8. Die Grüninger-Protokolle Geschichte und Erinnerung
Im Bundesrat wird um jedes Wort gerungen, als das Gremium im Juni 1994 über die Rehabilitierung des St. Galler Flüchtlingshelfers Paul Grüninger diskutiert. Das zeigen die Protokolle, die von der Forschungsstelle Dodis nach einer dreissigjährigen Sperrfrist Anfang Jahr veröffentlicht wurden. Ruth Dreifuss pocht nicht nur darauf, dass Grüninger rehabilitiert wird und der Bundesrat Respekt für dessen selbstlosen Einsatz bekundet. Sie will auch, dass die antisemitische Flüchtlingspolitik der offiziellen Schweiz vor und während des Zweiten Weltkriegs in der nötigen Klarheit benannt wird. «Madame Dreifuss», heisst es in den Dokumenten auf Französisch, «schlägt vor, die damaligen Massnahmen als diskriminierend und rassistisch zu bezeichnen.» Gemeint ist insbesondere der sogenannte Judenstempel in den Pässen, dessen Einführung die Schweiz in NS-Deutschland anregte. «Zweitens müsse betont werden», so Dreifuss gemäss Protokoll, «dass es die damalige Rechtslage der Schweiz ermöglicht hätte, eine andere Politik zu verfolgen.»
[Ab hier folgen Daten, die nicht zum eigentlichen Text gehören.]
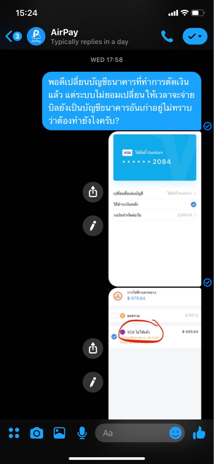 Airpay เปลี่ยนบัญชีธนาคารสำหรับตัดเงินไม่ได้

Der St. Galler Polizeihauptmann Grüninger hat vor dem Zweiten Weltkrieg mehreren Hundert jüdischen und anderen Flüchtenden das Leben gerettet, indem er sie auch dann noch in die Schweiz liess, als der Bund die Grenzen im Sommer 1938 bereits geschlossen hatte. Um die Menschen in Not zu schützen, liess er ihre Einreise vordatieren. Nachdem der Chef der Eidgenössischen Fremdenpolizei wegen der ungewöhnlich hohen St. Galler Flüchtlingszahlen eine Untersuchung veranlasst hatte, wurde Grüninger vom Dienst suspendiert, entlassen, strafrechtlich verfolgt und verurteilt.